Air, by Davis Vaughan and Lionel Henry, is a CLI built on Tree-sitter, in Rust. It reformats code blazingly fast.

Jarl, by Etienne Bacher, is a CLI built on Air, therefore also on Tree-sitter, in Rust. It lints and fixes code, also blazingly fast. It can even detect unreachable code, unused functions and duplicated function definitions.

In both of these examples, the creation of CLIs wrapping Rust bindings was more efficient than the creation of R packages wrapping the {treesitter} R package, for several reasons:

Rust CLIs can edit code very fast^;
CLIs are integrated in extensions for popular IDEs (for instance Positron);
a CLI is easier to install on CI than an R package that needs, well, an R installation.

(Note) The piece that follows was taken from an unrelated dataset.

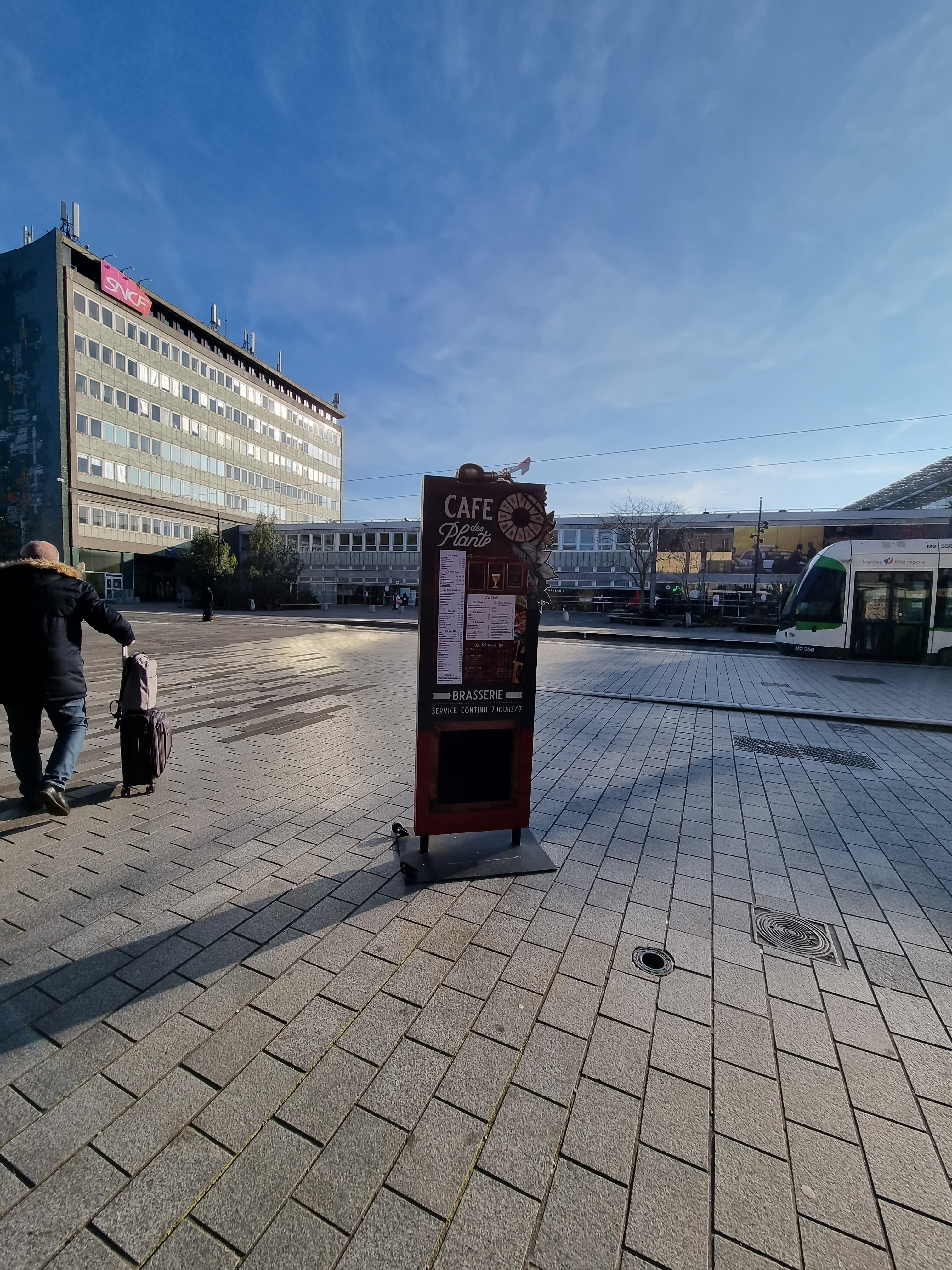 Le nouveau parvi entre la gare et le jardin des plantes à permis en outre de supprimer la circulation et d'ouvrir les terrasses de café sur un espace et vue agréables. C'est le cas du café des plantes qui porte bien son nom , ou l'on peut flemmarder tranquillement en buvant un café ou déjeuner. Le serveur avec la barbe paraît serieux mais reste très efficace pour ses clients .

A brief mention of some other interesting tools we’ve explored a bit less.

🔗 Configuring: {ts} for parsing JSON and TOML (not R!)

The {ts} package by Gábor Csárdi is the backbone of two R packages used for editing and manipulating:

Compared to existing parsers in R for those formats, these two packages preserve comments.

🔗 Testing code: {muttest}

Mutation testing is a kind of testing where you, say, randomly swap + with - in your code (you mutate it) and you run your tests to see whether they catch the mutant. The {muttest} package by Jakub Sobolewski is an R package for mutation testing, that depends on the {treesitter} R package.

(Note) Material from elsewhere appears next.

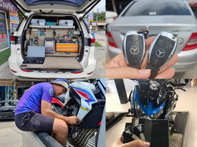 ผลงานบางส่วนที่เราออกไปให้บริการ แก้ไขปัญหา กุญแจรถเสีย รถยนต์ รถมอร์เตอร์ไซต์ รถทุกชนิด หรือ กุญแจประตูพัง กุญแจหาย ตูเซฟเปิดไม่ได้ ทั้งระบบรีโมทฯลฯ

🔗 Diffing code: difftastic

The difftastic CLI by Wilfred Hughes is “a structural diff tool that understands syntax”. ✨ This means that difftastic doesn’t only compare line or “words” but actual syntax by looking at lines around the lines that changed (by default, 3). Even better, it understands R out of the box. See this blog post with examples of R code diffing.

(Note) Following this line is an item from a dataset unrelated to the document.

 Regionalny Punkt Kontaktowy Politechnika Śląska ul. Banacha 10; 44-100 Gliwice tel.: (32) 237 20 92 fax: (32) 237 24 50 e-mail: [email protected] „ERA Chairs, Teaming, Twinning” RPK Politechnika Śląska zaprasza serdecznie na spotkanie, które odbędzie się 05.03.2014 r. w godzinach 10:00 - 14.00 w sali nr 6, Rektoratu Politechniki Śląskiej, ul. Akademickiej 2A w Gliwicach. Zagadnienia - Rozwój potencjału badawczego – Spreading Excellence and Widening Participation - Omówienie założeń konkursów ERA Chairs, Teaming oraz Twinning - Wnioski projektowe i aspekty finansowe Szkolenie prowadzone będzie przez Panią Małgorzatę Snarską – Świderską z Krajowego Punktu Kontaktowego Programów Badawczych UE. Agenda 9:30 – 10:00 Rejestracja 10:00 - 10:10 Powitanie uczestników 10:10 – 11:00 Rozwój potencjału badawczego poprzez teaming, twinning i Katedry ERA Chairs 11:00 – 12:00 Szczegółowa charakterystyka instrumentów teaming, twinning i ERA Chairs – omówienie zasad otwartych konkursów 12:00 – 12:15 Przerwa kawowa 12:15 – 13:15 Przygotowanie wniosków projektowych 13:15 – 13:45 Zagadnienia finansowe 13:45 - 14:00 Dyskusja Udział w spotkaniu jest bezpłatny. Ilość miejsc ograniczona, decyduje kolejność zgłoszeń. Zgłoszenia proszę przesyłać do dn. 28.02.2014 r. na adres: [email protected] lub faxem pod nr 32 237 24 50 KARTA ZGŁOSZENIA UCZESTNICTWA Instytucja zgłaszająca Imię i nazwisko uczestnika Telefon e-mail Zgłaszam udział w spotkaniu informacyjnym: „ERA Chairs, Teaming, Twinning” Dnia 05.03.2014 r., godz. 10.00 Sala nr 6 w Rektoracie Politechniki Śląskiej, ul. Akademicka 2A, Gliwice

🔗 Conclusion: more to come?

In this post, we’ve presented an overview of Tree-sitter based tooling for R or in R.

Note that this ecosystem of tools is very actively developed, so some tools might come and go. However, the idea that plugging the R grammar into a general parsing generator brings cool features to us R developers, will remain true. Maybe you will contribute to this ecosystem, either through an existing tool or by creating a new one?